Key Parameter Insights

•time_left_for_this_task: Primary budget parameter. More time generally means better results, but with diminishing returns after ~2 hours for typical datasets.
•per_run_time_limit: Prevents any single configuration from monopolizing the budget. Set based on dataset size and complexity—larger datasets need longer limits.
•memory_limit: Crucial for preventing OOM errors. Monitor and adjust based on feature dimensionality and algorithm memory requirements.
•initial_configurations_via_metalearning: Higher values use more meta-learning guidance. Set to 0 for completely novel domains where meta-learning may mislead.
•include/exclude: Customize search space when you have domain knowledge about suitable algorithm families. Reduces search space size for faster convergence.
•n_jobs: Parallelism. Set to number of CPU cores available. Note: each job consumes memory_limit portion.

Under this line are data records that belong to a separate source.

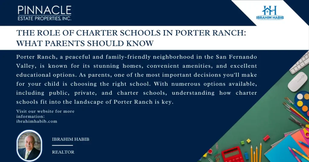 Porter Ranch, a peaceful and family-friendly neighbourhood in the San Fernando Valley, is known for its stunning homes, convenient amenities, and excellent educational options. As parents, one of the most important decisions you’ll make for your child is choosing the right school. With numerous options available, including public, private, and charter schools, understanding how charter schools fit into the landscape of Porter Ranch is key. In this post, we’ll explore the role of charter schools in Porter Ranch, why they are an attractive option for many families, and what parents should know before making a decision. What Are Charter Schools? Charter schools are public schools that operate independently from the traditional public school district. They are publicly funded but have more freedom to implement unique curriculums, teaching methods, and educational practices. Charter schools are held to high standards, and their performance is monitored to ensure they meet academic goals. Charter schools are often established to provide more specialized education or to address gaps in the traditional school system. These schools are open to all students, and they don’t charge tuition. The Appeal of Charter Schools in Porter Ranch Porter Ranch has several well-regarded charter schools that offer unique educational experiences. Here’s why many families in Porter Ranch consider charter schools a great option: 1. Smaller Class Sizes One of the key benefits of charter schools is their smaller class sizes, which often allow for more personalized attention for students. With a lower student-to-teacher ratio, students in charter schools may find it easier to ask questions, engage with their teachers, and receive the support they need. 2. Innovative Curriculum Charter schools often have the freedom to experiment with innovative teaching methods and specialized curriculums that may not be offered at traditional public schools. For instance, some charter schools in Porter Ranch offer STEM-focused programs (science, technology, engineering, and mathematics) or arts-based curriculums, catering to different learning styles and interests. 3. Community Involvement Charter schools typically have a strong sense of community, with greater involvement from parents, teachers, and administrators. Since these schools are often more flexible, they may provide a closer-knit environment where parents and educators work together to ensure that each child is thriving. 4. Focus on Academic Excellence While all public schools are held to state academic standards, many charter schools in Porter Ranch go above and beyond to create rigorous academic programs. This focus on excellence, combined with the freedom to tailor education to the needs of the students, can provide children with the tools they need to succeed academically. Charter Schools in Porter Ranch: A Few Notable Options Porter Ranch is home to some outstanding charter schools, which have earned reputations for their commitment to quality education. Here are a few worth noting: 1. Castlebay Lane Charter School Castlebay Lane Charter School is one of the most recognized charter schools in the area. It offers a well-rounded curriculum, including enrichment programs in art, music, and physical education. With a GreatSchools rating of 10/10, Castlebay Lane is known for its academic excellence and community-oriented environment. 2. Porter Ranch Community School This charter school provides a challenging curriculum along with strong support systems for its students. Porter Ranch Community School is a popular choice for parents who seek an academically rigorous environment where students are encouraged to explore their passions and develop critical thinking skills. 3. Valor Academy High School Located near Porter Ranch, Valor Academy High School is another charter school that offers a high-quality education. With a focus on college readiness and leadership development, Valor Academy prepares students for success in higher education and beyond. What Parents Should Know Before Enrolling in a Charter School While charter schools offer many benefits, there are a few things parents should consider before enrolling their child: 1. Lottery System Charter schools are publicly funded but often have limited space. As a result, many charter schools use a lottery system to select students. It’s important to understand that getting into a charter school isn’t always guaranteed, so parents may need to have a backup plan if their child isn’t selected. 2. School-Specific Application Process Charter schools often have their own application processes, which may differ from traditional public schools. Be sure to research the application deadlines, requirements, and any necessary documentation well in advance. 3. Commitment to the School’s Philosophy Charter schools typically follow a specific educational philosophy or curriculum, so it’s important to ensure that the school’s approach aligns with your values and your child’s learning style. Whether it’s a focus on the arts, STEM, or character development, make sure you understand the school’s educational priorities. Conclusion: Is a Charter School Right for Your Family? Porter Ranch offers a wealth of educational opportunities, and charter schools are an important part of that landscape. With smaller class sizes, innovative curriculums, and a focus on academic excellence, charter schools in Porter Ranch provide an environment where students can thrive and reach their full potential. For parents in Porter Ranch, charter schools offer an appealing alternative to traditional public schooling. However, as with any important decision, it’s crucial to do your research and consider whether the educational philosophy, environment, and application process align with your child’s needs. If you’re considering a charter school for your child, take the time to visit the schools, talk to current students and parents, and c
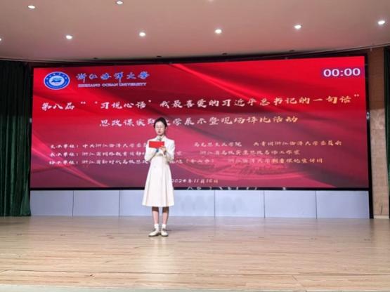 “‘习说心语’——我最喜爱的习近平总书记的一句话”思政课实践教学活动是太阳集团网站8722结合课程实际,推动课程教学改革形成的“十百千万”实践教学品牌,每学期在本科生一、二年级近万名学生中结合五门思政课程教学内容。本次活动以“礼赞祖国青年说”为主题,结合新中国成立75周年以来,特别是党的十八大以来取得的伟大成就和生动实践,学生以团队为单位,从红色资源、绿水青山、海洋强国、青年担当等元素出发,以多形式呈现学习感悟,各任课教师在近千份作品中,经班内推荐、任课教师首选,各教研中心复评、学院审核的基础上,最终遴选出36支优秀团队入围比赛。比赛中,同学们以个人演讲、团队情景剧表演、微电影等方式讲好中国故事、浙江故事、海大故事,通过参与教学汇报深切感悟党的创新理论和实践伟力。经过激烈的角逐,B23历史2班潘舒婷团队、A24轮机3班胡相宜团队获特等奖,B23中文4班柴宇泽团队、A24经济1班官洹伊团队等7个团队获一等奖。
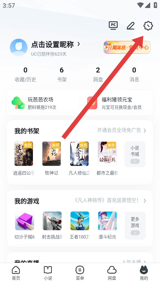 1、進入UC瀏覽器我的頁面,點擊右上角齒輪狀設(shè)置的圖標(biāo),開啟恢復(fù)歷史記錄的操作流程。
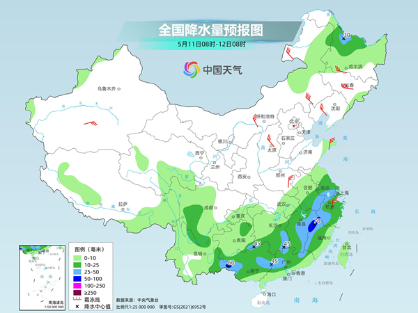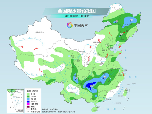 受暖濕氣流和冷空氣共同影響,未來三天,南方新一輪較強(qiáng)降水開啟,降雨重心主要位于貴州到江南、華南北部一帶,部分地區(qū)有大到暴雨,局地大暴雨,主要降雨時(shí)段集中在10日夜間至11日。同時(shí),今明天,華北、黃淮、東北等地有陣雨或雷陣雨,部分地區(qū)有強(qiáng)對(duì)流天氣。
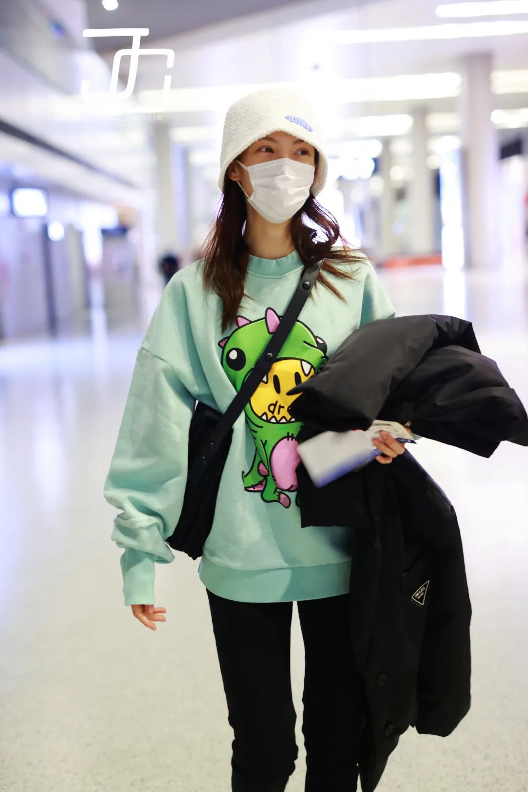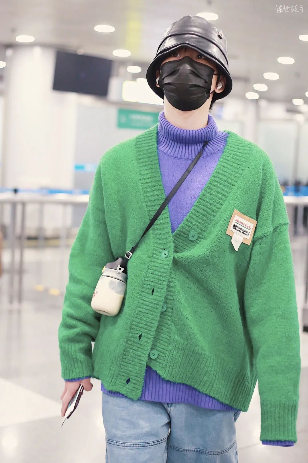如果不放大看小编还以为胡宇桐同学挎了一个奶瓶��紫色毛衣和绿色毛衣开衫的撞色叠穿很有风格,加上故意错扣的纽扣,加重了层次感,颜色很鲜亮,又暖和~
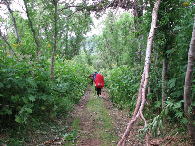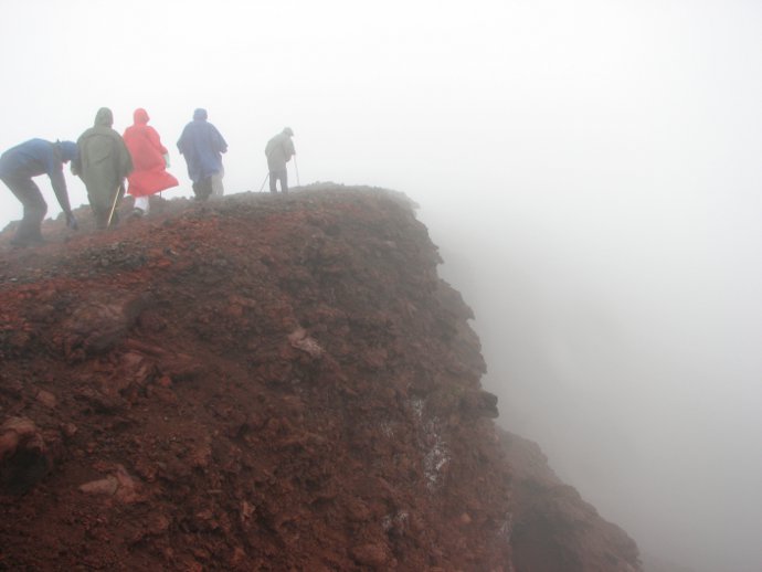 Подняться или пройти до следующей сопки по вулканическому гребню в тумане? Не слабо! но нас там нету. А они были!
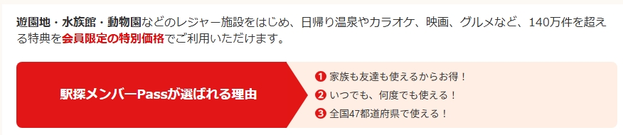 駅探メンバーPassの大きな特徴は、利用できる優待の数の多さです。飲食店やカフェ、レジャー施設、宿泊施設、ショッピングなど、全国140万件以上の施設やサービスで割引やクーポンが利用可能です。

Resource Multiplier Effect

When using n_jobs > 1, total memory consumption is approximately n_jobs × memory_limit. A 4-worker setup with 4GB per worker requires 16GB+ RAM. Plan resources accordingly and consider using n_jobs=-1 only when memory is truly abundant.

Auto-sklearn 2.0 Enhancements

Auto-sklearn 2.0, released in 2020, introduced several significant architectural improvements that enable more robust performance across diverse dataset types. The key innovation is a portfolio-based strategy that replaces pure meta-learning with a more reliable approach.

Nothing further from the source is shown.